In einem von Klaus Töpfer herausgegegeben Buch plädiert der Regierungsberater Claus Leggewie für eine „Zukunftskammer“ parallel zum Bundestag.

Runter von der Straße, rein in die Kammer? Demonstration gegen Stuttgart 21. Bild: dpa

Die Bundestagswahl ist der Beweis für das Funktionieren der Demokratie in Deutschland – immer noch. Und das, obwohl eine zunehmende Debatte darüber läuft, ob das parlamentarische System ergänzt werden muss. Wie könnte eine Bürgerbeteiligung aussehen, die diesen Namen verdient?

Klaus Töpfer, Exbundesumweltminister von der CDU, hat dazu jetzt ein Diskussionsbuch präsentiert: „Verändern durch Wissen – Chancen und Herausforderungen demokratischer Beteiligung von Stuttgart 21 bis zur Energiewende“.
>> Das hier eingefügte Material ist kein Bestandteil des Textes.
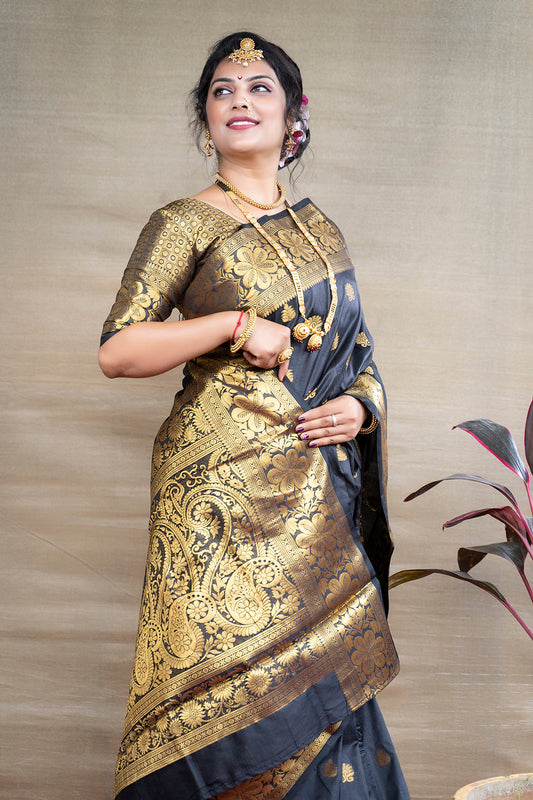 Elegant Black & Gold Jacquard Banarasi Saree with Rich Zari Work

Geschrieben haben darin unter anderem Stuttgart-21-Vermittler Heiner Geißler, Regierungsberater Claus Leggewie, Mitglied im Beirat für Globale Umweltveränderungen, und der ehemalige grüne Umweltsenator von Bremen, Reinhard Loske. Allesamt Leute, die in den vergangenen Jahrzehnten praktisch oder theoretisch mit Bürgerprotesten gegen Großprojekte zu tun hatten.

Das Buch

Klaus Töpfer / Dolores Volkert / Ulrich Mans (Hrsg.): „Verändern durch Wissen“. Oekom-Verlag, München 2013. 191 Seiten, 17,95 Euro

Die Startbahnen am Frankfurter Flughafen, das Atomendlager in Gorleben, der Neubau des Hauptbahnhofs in Stuttgart, die Trassen für die neuen Stromleitungen, die Norden und Süden des Landes verbinden sollen: Leggewie zieht aus den Erfahrungen mit diesen Projekten den Schluss, dass das parlamentarische System einer grundsätzlichen Ergänzung bedürfe. Er schlägt vor, eine neue „Zukunftskammer“ zu etablieren, die neben Bundestag und Bundesrat an der Gesetzgebung mitwirken solle.

Verbindlich vertreten sein

Warum? Leggewie analysiert einen Missstand, der vielen engagierten Bürgern auf die Nerven geht. Denn Planung heute sieht so aus: Bundeskanzlerin Merkel entscheidet, dass die Atomkraftwerke weg müssen, die Bundesnetzagentur berechnet, wie viele Nord-Süd-Stromleitungen man braucht, um den Windstrom vom Meer nach Süddeutschland zu leiten, die Bürger dürfen schließlich mitdiskutieren, wo die Trassen verlaufen. Doch die Sinnfragen bleiben ungestellt. Welche Energiewende wollen wir, brauchen wir Windkraftwerke auf dem Meer, brauchen wir neue Trassen?

So könnte es vorteilhaft sein, einen neuen, permanenten Bürgerbeteiligungsapparat einzurichten: Dort würden die großen Entscheidungen vordiskutiert, bevor die Regierung sie mal eben festzurrt. Die Zukunftskammer institutionalisiert Beteiligung als echte Mitwirkung, weit hinausgehend über die heutige akzeptanzbeschaffende Mithilfe engagierter Bürger bei der Exekution politischer Beschlüsse.

In dieser dritten Kammer müsste ein Querschnitt der Bevölkerung verbindlich vertreten sein. So ließen sich vielleicht zwei Probleme heutiger Partizipation entschärfen. Erstens: Ein paar Leute oder Bürgerinitiativen schreien am lautesten, behaupten, das Gemeinwohl zu repräsentieren, agieren in Wirklichkeit aber nur als besonders geschickte Vertreter ihres jeweiligen Partikularinteresses. Sie kapern das Verfahren.

Zweitens: Es gibt Bürgerbeteiligung, aber kaum ein Bürger geht hin. Dieses erstaunliche Phänomen kann man zur Zeit bei der Stromtrassenplanung beobachten. Das Verfahren, das sich die Bundesregierung ausgedacht hat, ist recht fortschrittlich. Doch die Betroffenen fehlen meistens bei den Versammlungen. Sie kommen wohl erst, wenn die Bagger vor ihren Häusern stehen.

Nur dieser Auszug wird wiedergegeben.